2. The battery pack according to claim 1, characterized in that, The positive busbar (24) has a first fixing part (241), a first connecting part (242) and a second connecting part (243). The top surface of the positive terminal post (22) has a screw hole. The first fixing part (241) has a through hole. The first fixing part (241) is fixed to the top surface of the positive terminal post (22) by bolts. The first connecting part (242) and the second connecting part (243) are respectively pressed into the positive terminals of the two adjacent cells (21).
3. The battery pack according to claim 2, characterized in that, The negative busbar (25) has a second fixing part (251), a third connecting part (252) and a fourth connecting part (253). The top surface of the negative terminal post (23) has a screw hole. The second fixing part (251) has a through hole. The second fixing part (251) is fixed to the top surface of the negative terminal post (23) by bolts. The third connecting part (252) and the fourth connecting part (253) are respectively pressed into the negative terminals of the two adjacent cells (21).

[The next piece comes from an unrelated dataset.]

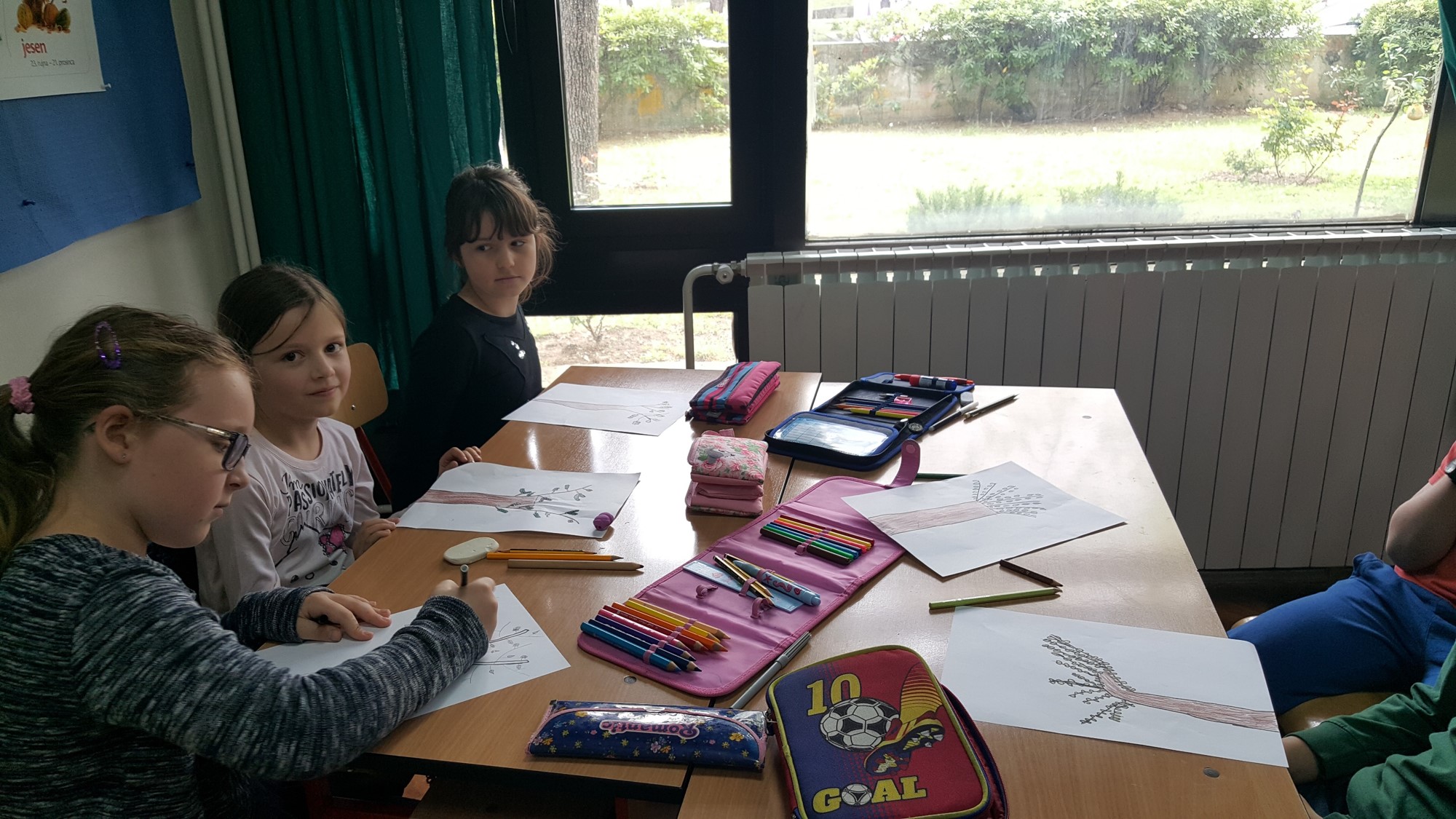 Učenici su u skupinama opisivali cvatnju, berbu i preradu plodova masline, ljekovitost lista masline i ljekovitost maslinovog ulja. Na kraju radionice, učenici su crtali zamišljeno stablo masline, hraniteljice našeg priobalja.

4. The battery pack according to claim 3, characterized in that, The series bus (3) includes a positive nickel plate (31) and a negative nickel plate (32). The positive nickel plate (31) and the negative nickel plate (32) are electrically connected through a connecting wire harness (33). The positive nickel plate (31) and the negative nickel plate (32) are respectively electrically connected to the positive bus (24) of one parallel cell group (2) and the negative bus (25) of another adjacent parallel cell group (2). Multiple parallel cell groups (2) are connected in series through multiple series bus (3).
5. The battery pack according to claim 4, characterized in that, The positive electrode nickel sheet (31) is pressed and fixed between the first fixing part (241) and the positive electrode post (22) by the bolt, and the negative electrode nickel sheet (32) is pressed and fixed between the second fixing part (251) and the negative electrode post (23) by the bolt.

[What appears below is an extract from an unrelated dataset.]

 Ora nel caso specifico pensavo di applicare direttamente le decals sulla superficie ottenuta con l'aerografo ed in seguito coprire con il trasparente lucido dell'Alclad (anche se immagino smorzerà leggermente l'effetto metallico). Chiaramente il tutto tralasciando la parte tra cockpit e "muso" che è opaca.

6. The battery pack according to claim 2, characterized in that, The first connecting part (242) has a first connecting tooth (2421) at its end, and the second connecting part (243) has a second connecting tooth (2431) at its end that matches the tooth shape of the first connecting tooth (2421). In the transverse direction, the second connecting tooth (2431) of each positive busbar (24) and the first tooth of the other positive busbar (24) adjacent to it are sequentially interlocked.
7. The battery pack according to claim 3, characterized in that, In the lateral direction, the third connection portion (252) of each of the negative busbars (25) and the fourth connection portion (253) of the adjacent positive busbar (24) abut against each other in sequence.
8. A car, characterized in that, Includes the battery pack as described in any one of claims 1-7.